9.3.9 To the extent permitted under applicable Legal Requirements, each Property Owner waives:

(a) any right to require any Lender to proceed against any other Property Owner or any other person or to proceed against or exhaust any security held by such Lender at any time or to pursue any other remedy in such Lender’s power before proceeding against Property Owner;

(b) the defense of the statute of limitations in any action against any other Property Owner or for the collection of any indebtedness or the performance of any obligation under the Loan;

 

124


(c) any defense based upon any legal disability or other defense of any other Property Owner, any guarantor of any other person or by reason of the cessation or limitation of the liability of any other Property Owner or any guarantor from any cause other than full payment of all sums payable under the Notes, this Agreement and any of the other Loan Documents;

(d) any defense based upon any lack of authority of the officers, directors, partners or agents acting or purporting to act on behalf of any other Property Owner or any principal of any other Property Owner or any defect in the formation of any other Property Owner or any principal of any other Property Owner;

(e) any defense based upon any statute or rule of law which provides that the obligation of a surety must be neither larger in amount nor in any other respects more burdensome than that of a principal;

(f) any defense based upon any failure by a Lender to obtain collateral for the indebtedness or failure by a Lender to perfect a Lien on any collateral;

(g) presentment, demand (except for demand expressly required under this Agreement or any other Loan Document), protest and, except for notices expressly required under this Agreement or any other Loan Document, notice of any kind;

(h) any defense based upon any failure of a Lender to give notice of sale or other disposition of any collateral to any other Property Owner or to any other person or entity or any defect in any notice that may be given in connection with any sale or disposition of any collateral;

(i) any defense based upon any failure of a Lender to comply with Laws in connection with the sale or other disposition of any collateral, including, without limitation, any failure of such Lender to conduct a commercially reasonable sale or other disposition of any collateral;

(j) any defense based upon any election by a Lender, in any bankruptcy proceeding, of the application or non-application of Section 1111(B)(2) of the Bankruptcy Code or equivalent provision(s) under any other bankruptcy laws;

(k) any defense based upon any use of cash collateral under Section 363 of the Bankruptcy Code or equivalent provision(s) under any other bankruptcy laws;

(l) any defense based upon any agreement or stipulation entered into by a Lender with respect to the provision of adequate protection in any Bankruptcy Action;

(m) any defense based upon any borrowing or any grant of a security interest under Section 364 of the Bankruptcy Code or equivalent provision(s) under any other bankruptcy laws;

(n) any defense based upon the avoidance of any security interest in favor of a Lender for any reason;

(o) any defense based upon any Bankruptcy Action, including any discharge of, or bar or stay against collecting, all or any of the obligations evidenced by the Notes or owing under any of the Loan Documents;

 

125


(p) any defense or benefit based upon Property Owner’s, or any other party’s, resignation of the portion of any obligation secured by the applicable Mortgage to be satisfied by any payment from any other Property Owner or any such party;

(q) all rights and defenses arising out of an election of remedies by the Administrative Agent or Collateral Agent (not in its individual capacity but solely in its capacity as Collateral Agent on behalf of the Administrative Agent for the benefit of the Secured Parties) even though the election of remedies, such as nonjudicial foreclosure with respect to security for the Loan or any other amounts owing under the Loan Documents, has destroyed Property Owner’s rights of subrogation and reimbursement against any other Property Owner;

(r) all rights and defenses that Property Owner may have because any of Debt is secured by real property.

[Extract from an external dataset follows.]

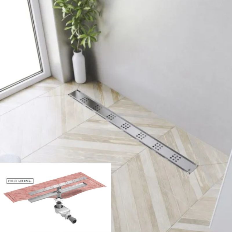El sistema Evolux lineal inoxidable es la solución ideal para realizar el de drenaje con protección impermeable para platos de ducha de obra.

This means, among other things: (i) the Administrative Agent or Collateral Agent, as applicable, may collect from Property Owner without first foreclosing on any real or personal property collateral pledged by any other Property Owner, (ii) if the Administrative Agent or Collateral Agent forecloses on any real property collateral pledged by any other Property Owner, (a) the amount of the Debt may be reduced only by the price for which that collateral is sold at the foreclosure sale, even if the collateral is worth more than the sale price, (b) the Administrative Agent or Collateral Agent may collect from Property Owner even if any other Property Owner by foreclosing on the real property collateral, has destroyed any right Property Owner may have to collect from any other Property Owner. This is an unconditional and irrevocable waiver of any rights and defenses Property Owner may have because any of the Debt is secured by real property; and

(s) except as otherwise provided above in this Section 9.3, any claim or other right which Property Owner might now have or hereafter acquire against any other Property Owner or any other person that arises from the existence or performance of any obligations under the Notes, this Agreement, the Mortgages or the other Loan Documents, including, without limitation, any of the following: (i) any right of subrogation, reimbursement, exoneration, contribution, or indemnification; or (ii) any right to participate in any claim or remedy of a Lender against any other Property Owner or any collateral security therefor, whether or not such claim, remedy or right arises in equity or under contract, statute or common law.

ARTICLE X—MISCELLANEOUS

Section 10.1 Survival. This Agreement and all covenants, agreements, representations and warranties made herein and in the certificates delivered pursuant hereto shall survive the making by Lenders of the Loan and the execution and delivery to Lenders of the Notes, and shall continue in full force and effect so long as all or any of the Debt is outstanding and unpaid unless a longer period is expressly set forth herein or in the other Loan Documents. Whenever in this Agreement any of the parties hereto is referred to, such reference shall be deemed to include the successors and assigns of such party. All covenants, promises and agreements in this Agreement, by or on behalf of Borrowers, shall inure to the benefit of the successors and permitted assigns of Lenders.

 

126


Section 10.2 Administrative Agents Discretion. Whenever pursuant to this Agreement, Administrative Agent exercises any right given to it to approve or disapprove, or any arrangement or term is to be satisfactory to Administrative Agent, the decision of Administrative Agent to approve or disapprove or to decide whether arrangements or terms are satisfactory or not satisfactory shall (except as is otherwise specifically herein provided) be in the sole discretion of Administrative Agent and shall be final and conclusive.

Section 10.3 Governing Law; Submission to Jurisdiction; Service of Process.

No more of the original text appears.